Королевский шут
Шрифт:
— Значит будем ждать другой. Послушай Колокольчика — она права. Глупость и поспешность в таком сложном деле — наши самые опасные враги. Как решил вести себя с Греяной? — перешёл он на другую тему.
— А никак. Пришёл. Поздоровался. Посидел и помолчал, если от вас не будет никаких посланий. Захочет поговорить — поддержу, но первым лезть не буду. Любое нескромное поползновение в мою сторону — Харм тут же переносит домой, на радость Фаннории.

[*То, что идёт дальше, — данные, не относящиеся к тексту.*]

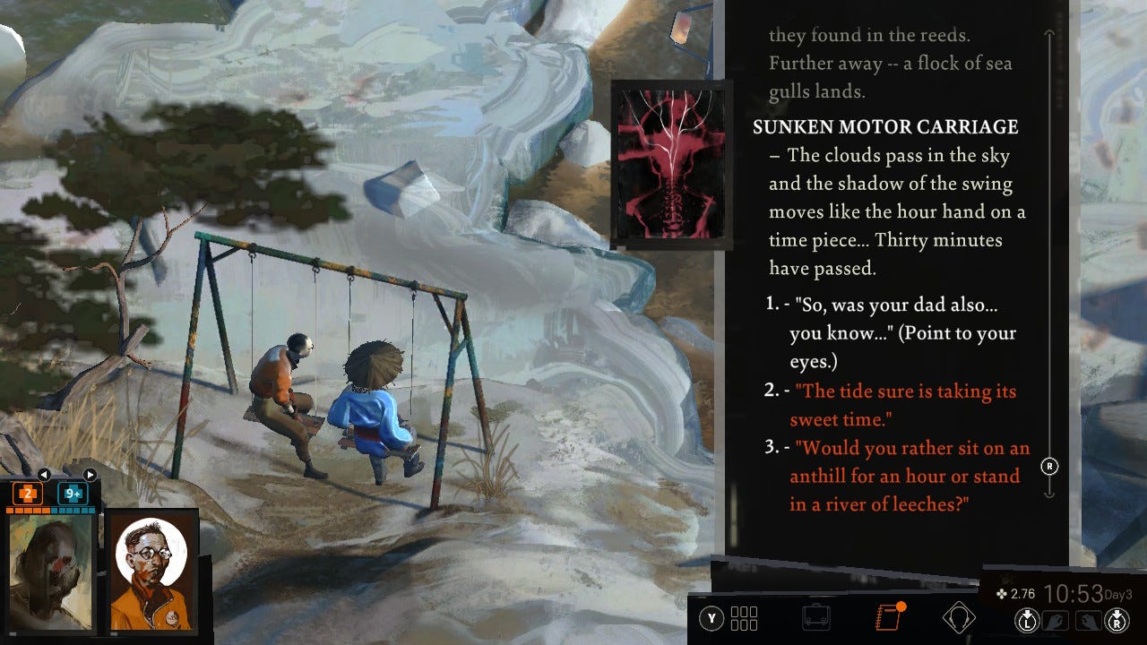 And then along came Disco Elysium. I only really got into it when I had a rare day off. I was soaking wet from the school run, and I had terrible cramps. I had an assignment that needed to be written. I got into my pyjamas, crawled into bed, and curled up with the Switch instead. There was no turning back from that moment: I was lost in Revachol, mysteries, dark humour, and unlikely friendships.

— За последнее не волнуйся. Она попыталась разок — не вышло. Теперь будет искать другие пути. Следи не так за её словами, как за интонациями и жестами. Я сам натаскивал принцессу входить в доверие к людям, и ученица из неё получилась отличная — может окрутить.
— Учту. Что ещё?
—
Калеван ушёл первым, а я задержался.
— Господин Саним Бельжский…
— Илий! Ты чего так официально? — удивился он.

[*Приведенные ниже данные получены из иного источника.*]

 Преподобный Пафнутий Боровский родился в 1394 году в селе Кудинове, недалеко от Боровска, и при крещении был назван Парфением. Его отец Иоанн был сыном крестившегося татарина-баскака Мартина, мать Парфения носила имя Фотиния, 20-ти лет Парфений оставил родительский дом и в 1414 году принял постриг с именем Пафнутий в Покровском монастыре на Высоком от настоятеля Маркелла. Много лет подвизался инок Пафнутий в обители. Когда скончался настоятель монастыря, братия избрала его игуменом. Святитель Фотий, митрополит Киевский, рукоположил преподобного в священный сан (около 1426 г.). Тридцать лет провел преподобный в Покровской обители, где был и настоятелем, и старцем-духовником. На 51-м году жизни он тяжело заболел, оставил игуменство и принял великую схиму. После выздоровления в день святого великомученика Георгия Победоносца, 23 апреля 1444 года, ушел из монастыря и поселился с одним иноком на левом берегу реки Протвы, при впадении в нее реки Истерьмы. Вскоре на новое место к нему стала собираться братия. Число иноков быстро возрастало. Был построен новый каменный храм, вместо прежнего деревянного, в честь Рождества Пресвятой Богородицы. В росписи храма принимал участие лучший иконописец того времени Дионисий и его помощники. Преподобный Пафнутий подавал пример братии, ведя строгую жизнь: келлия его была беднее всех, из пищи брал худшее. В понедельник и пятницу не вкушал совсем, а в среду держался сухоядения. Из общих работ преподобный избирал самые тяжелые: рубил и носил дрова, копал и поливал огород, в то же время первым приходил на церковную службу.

— Есть причина. У Вас же дочь в Школе Живописцев учится?
— Да. Бедная девочка. Внешность у неё необычная — столько из-за неё натерпелась. Не поверишь, но замкнулась в себе ещё в детстве, терпя насмешки над своим ростом. Вот Колокольчик у тебя боевая, а моя… Может, их познакомить? Беда-то одна на двоих — только величины разные. Я ж Ланирию еле уговорил в люди выйти, устроив в эту Школу. С трудом согласилась и то потому, что без ума от картинок всяких. У неё там проблемы, раз заговорил?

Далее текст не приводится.